Quantum Brilliance will lead $22.5 million ‘Deu


STUTTGART, Germany, January 19, 2022 — Quantum Brilliance, a German-Australian manufacturer of innovative quantum computing hardware, today announced a joint research project with the Fraunhofer Institute for Applied Solid State Physics IAF and the University of Ulm to develop new manufacturing techniques and component control based on diamond quantum microprocessors.

The goal of the €19.9 million ($22.5 million) Deutsche Brilliance (DE-Brill) collaboration is to solve two key challenges related to diamond-based quantum computers by 2025: the development of atomic precision techniques for the fabrication of quantum microprocessors and to find new methods for selectively initializing, reading and manipulating qubits in quantum computers with multiple processor nodes. The research teams believe that solving these challenges will be an important step on the road to mass commercialization of quantum computing technology. The project is 74.8% funded by the German Federal Ministry of Education and Research (BMBF).

In this collaboration, Fraunhofer IAF and Quantum Brilliance are jointly developing precision fabrication techniques for fabricating scalable arrays of diamond qubits. Additionally, Fraunhofer IAF will work on growth processes for diamond substrates of the highest purity and quality. The Quantum Brilliance team has secured exclusive use of the Fraunhofer IAF facility in Freiburg, Germany to ensure productive and accelerated research results. In parallel, a team from the Institute of Quantum Optics at the University of Ulm is developing scalable readout and control techniques for diamond-based qubits, allowing them to be precisely controlled.

According to Mark Mattingley-Scott, Ph.D., European Head of Quantum Brilliance.
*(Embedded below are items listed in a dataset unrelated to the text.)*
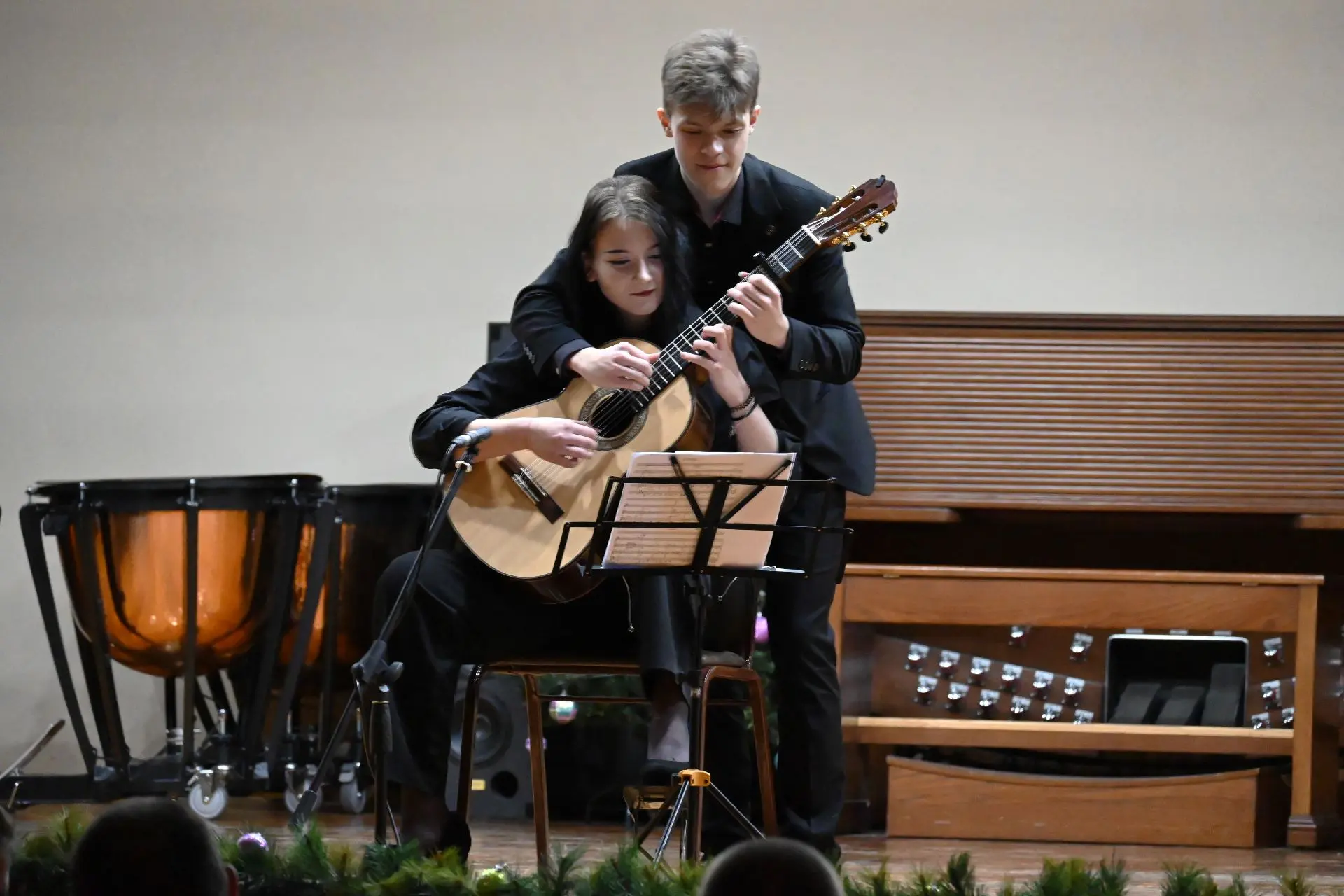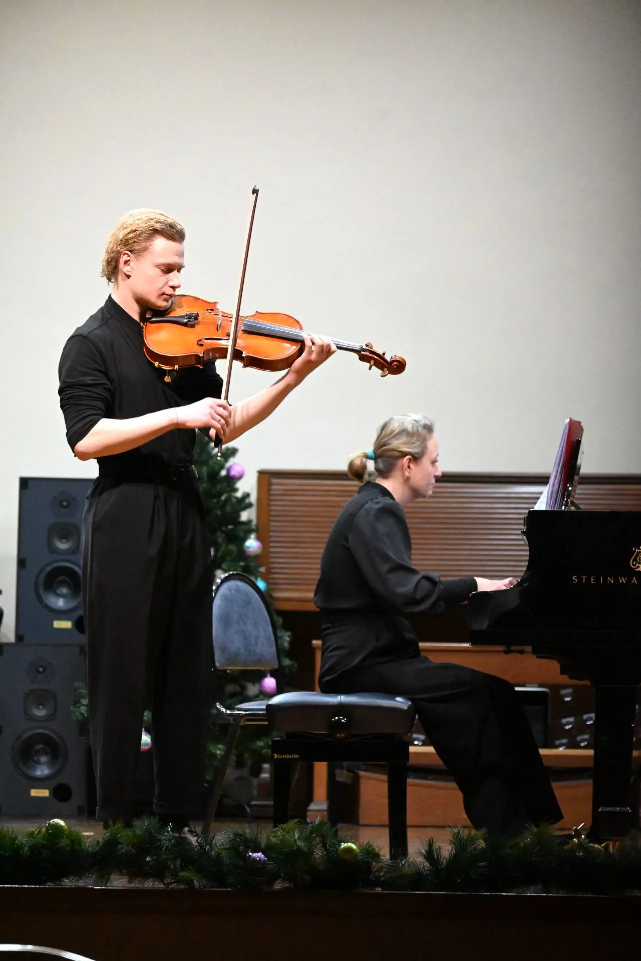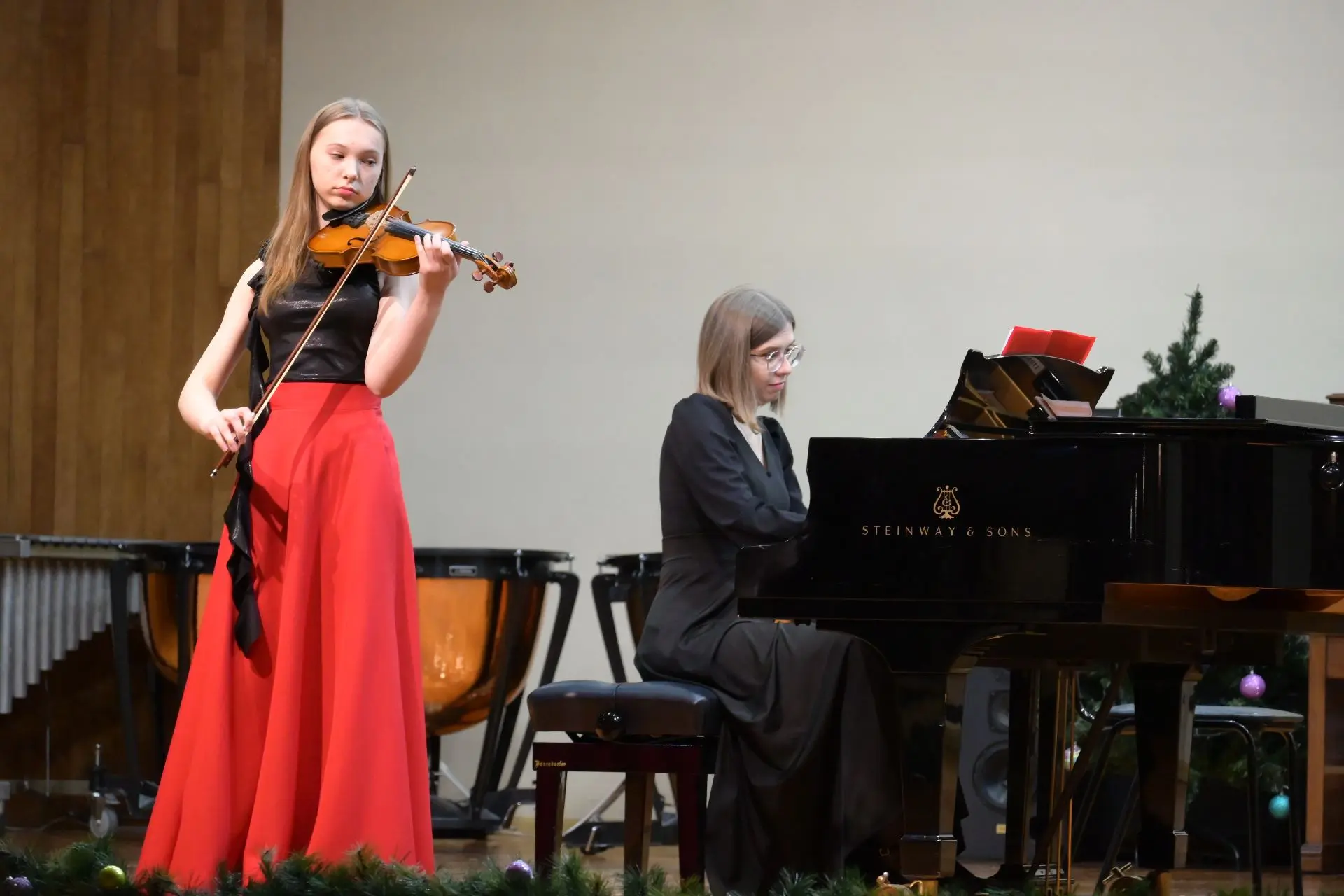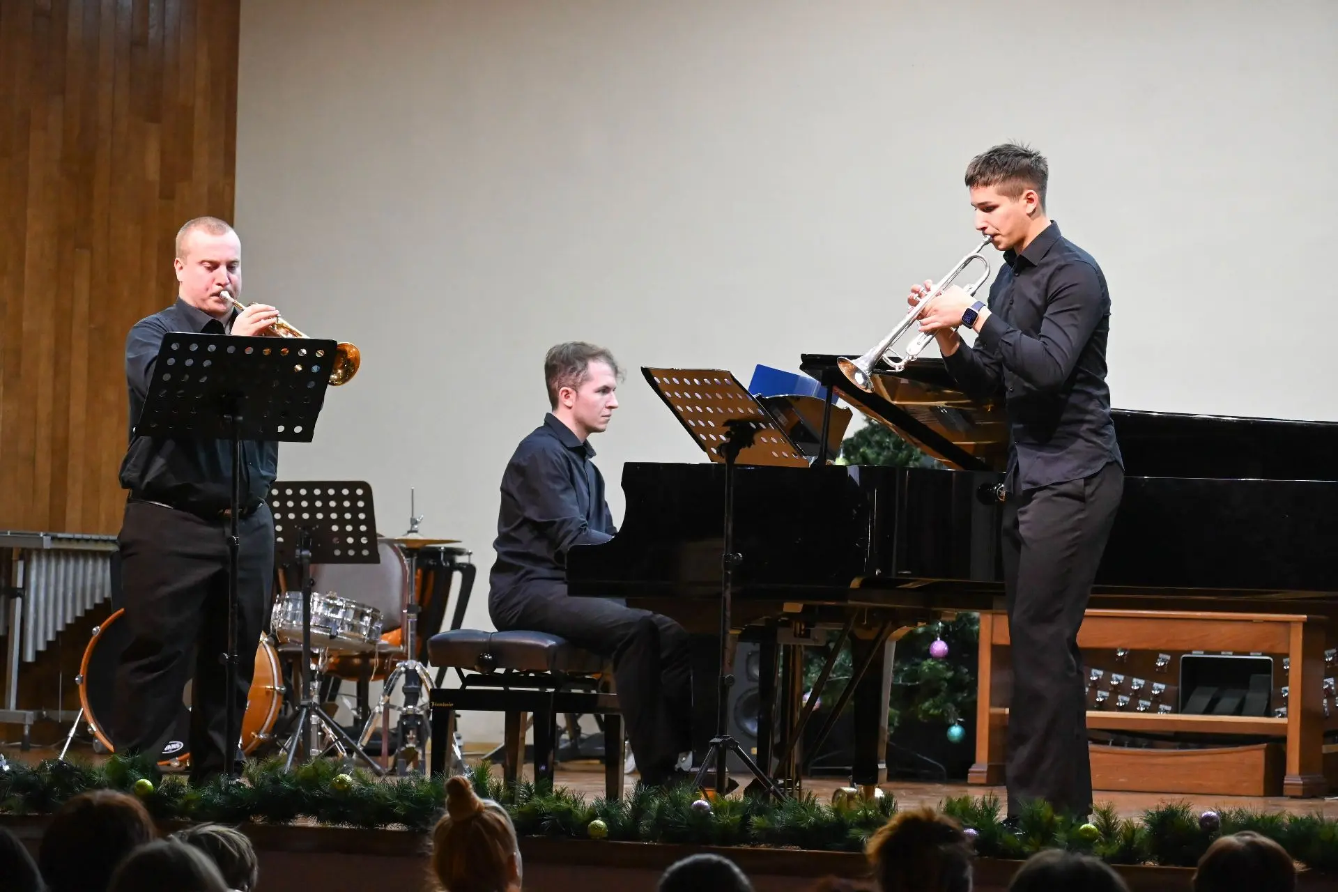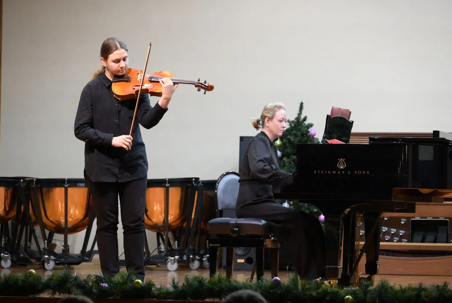 В преддверии новогоднего праздника преподаватели и учащиеся ДШИ ДВГИИ подготовили яркие концертные номера и порадовали ими зрителей, родителей, друзей и близких. Свои музыкальные подарки подарили зрителям солисты и ансамбли различных составов, включая совместные номера с педагогами. Под звуки скрипки, рояля, арфы, флейты, гобоя, кларнета, баяна, балалайки, домры, гитары зрители погрузились в мир классической музыки, услышали произведения русских и зарубежных композиторов разных стилей и эпох. Каждый номер был уникален и добавил свою изюминку в праздничную атмосферу.
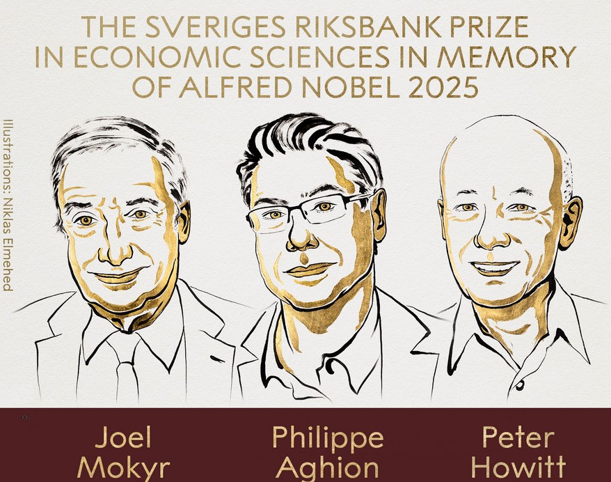 आधुनिक अर्थव्यवस्थामा नवप्रवर्तन र सिर्जनात्मक विनाशको शक्तिले कसरी आर्थिक वृद्धि हासिल गर्न सक्छ भन्ने बारेमा गरेको कामको लागि जोएल मोकिर, फिलिप एगियन र पिटर होविटलाई अर्थशास्त्रमा सन् २०२५ को नोबेल पुरस्कार प्रदान गरिएको छ।
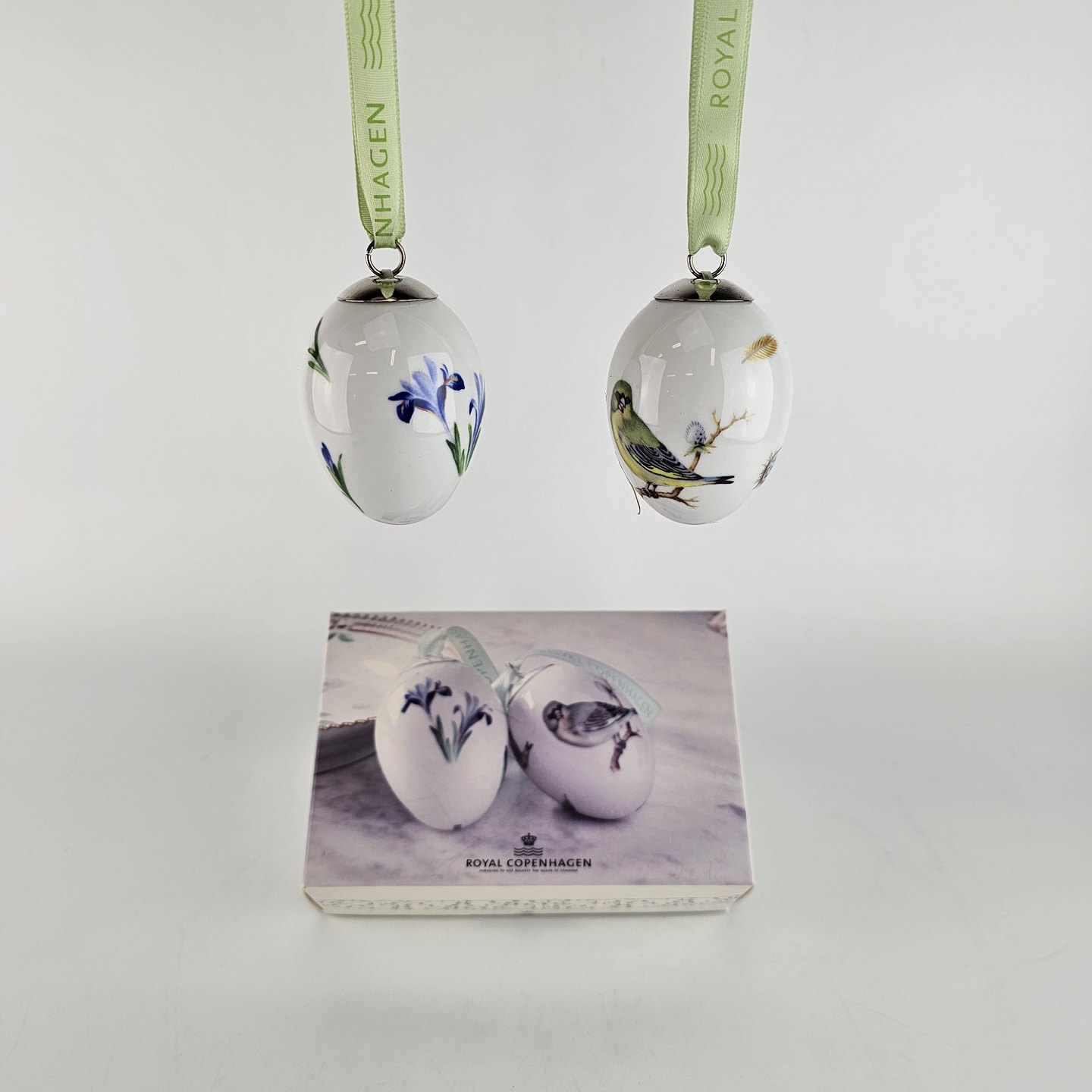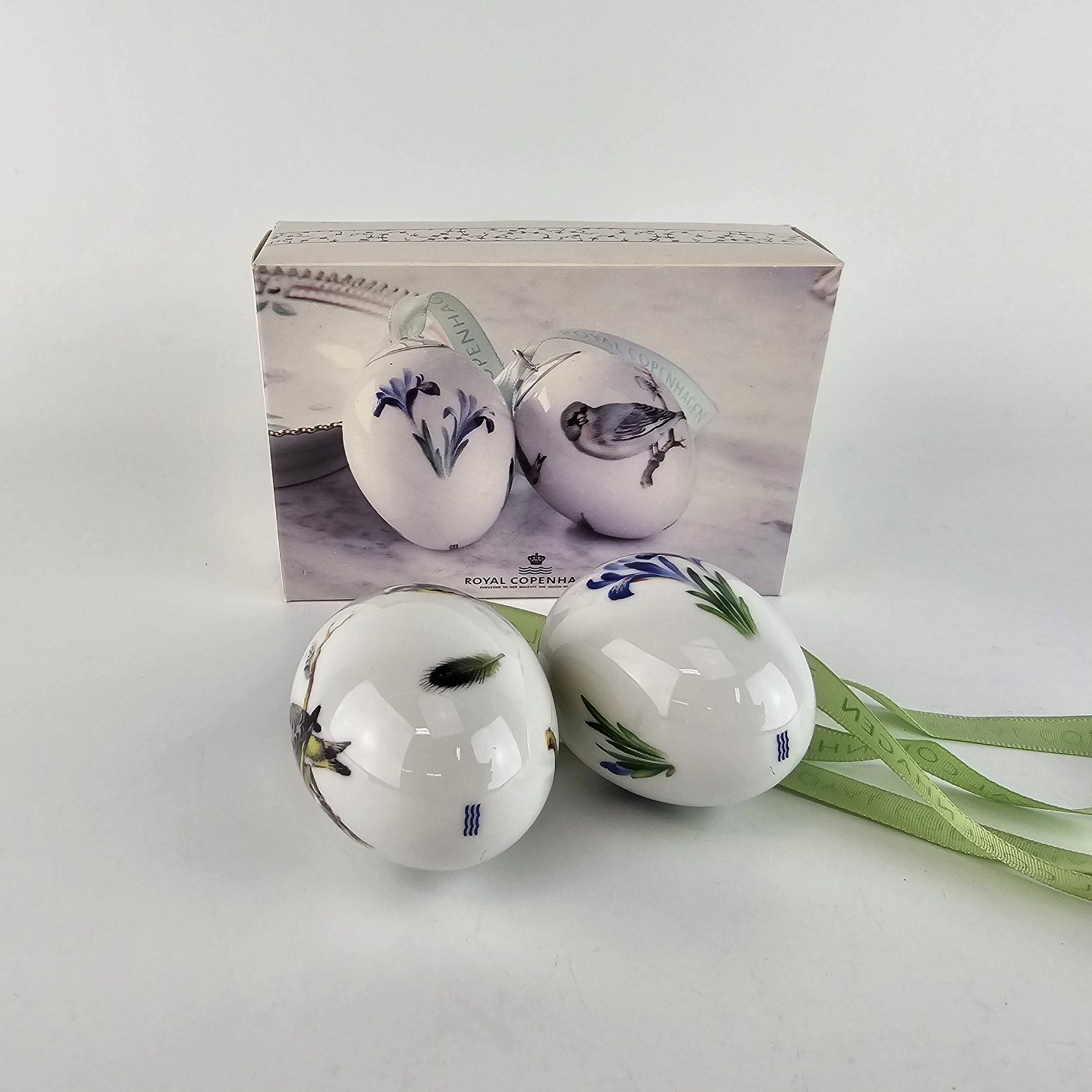 Æggene leveres med mintgrønt bånd og i original æske
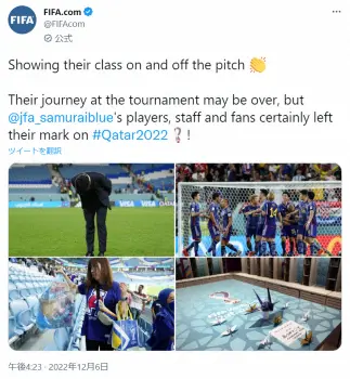 深々と一礼する森保一監督を始め、代表イレブンのプレー、ごみ拾いするサポーター、整頓されたロッカーの画像を公開。「ピッチの中でも外でも気品あるプレーを見せた大会での彼らの旅は終わったかもしれない。しかしJFA_SAMURAIBLUEの選手、スタッフ、ファンは確実に#Qatar2022に足跡を残した」と称えた。試合後、ごみを集める日本サポーターの動画も投稿し「勝っても負けても、試合後のスタジアムの掃除を手伝ってくれた ファンの皆さんありがとう」と感謝。またインスタグラムでも同じ画像を投稿し、「胸が張り裂ける思い」とメッセージが添えられた。

“With its research infrastructure and engineering knowledge base, Germany offers a unique setting for developing and producing quantum technology,” Mattingley-Scott said. “In addition, the German government also understands the importance of the field and constantly promotes important basic research. This is why we recently opened our European headquarters in Stuttgart and are focusing on collaborations with research institutes here to be at the forefront of commercializing high-performance quantum microprocessors in the future.”

Quantum Brilliance is among the pioneers in the use of synthetic diamonds in quantum computing. Targeted “impurities” in diamonds – the so-called NV centers in which a nitrogen atom takes the place of a carbon atom in the crystal lattice – are used in this process to generate qubits, the elementary computational units of a quantum computer.

Unlike large quantum computing mainframes that require power-intensive cooling, quantum “accelerators” based on synthetic diamonds can be produced in small form factors and operate at room temperature, allowing their use in a variety of real-world environments. A 19-inch server rack module of its diamond-based quantum accelerator is currently available from Quantum Brilliance. Further miniaturization with a corresponding increase in the number of qubits is expected over the next few years.

About Quantum Brilliance

Founded in 2019, Quantum Brilliance is an Australian-German venture capital-backed quantum computing hardware company that provides quantum diamond accelerators supported by a full stack of software and application tools. Quantum Brilliance’s vision to enable mass deployment of quantum accelerators will propel industries to exploit edge computing applications and next-generation supercomputers. Quantum Brilliance’s international partnerships span North America, Europe and Asia-Pacific, working with governments, supercomputing centers, research organizations and industry leaders.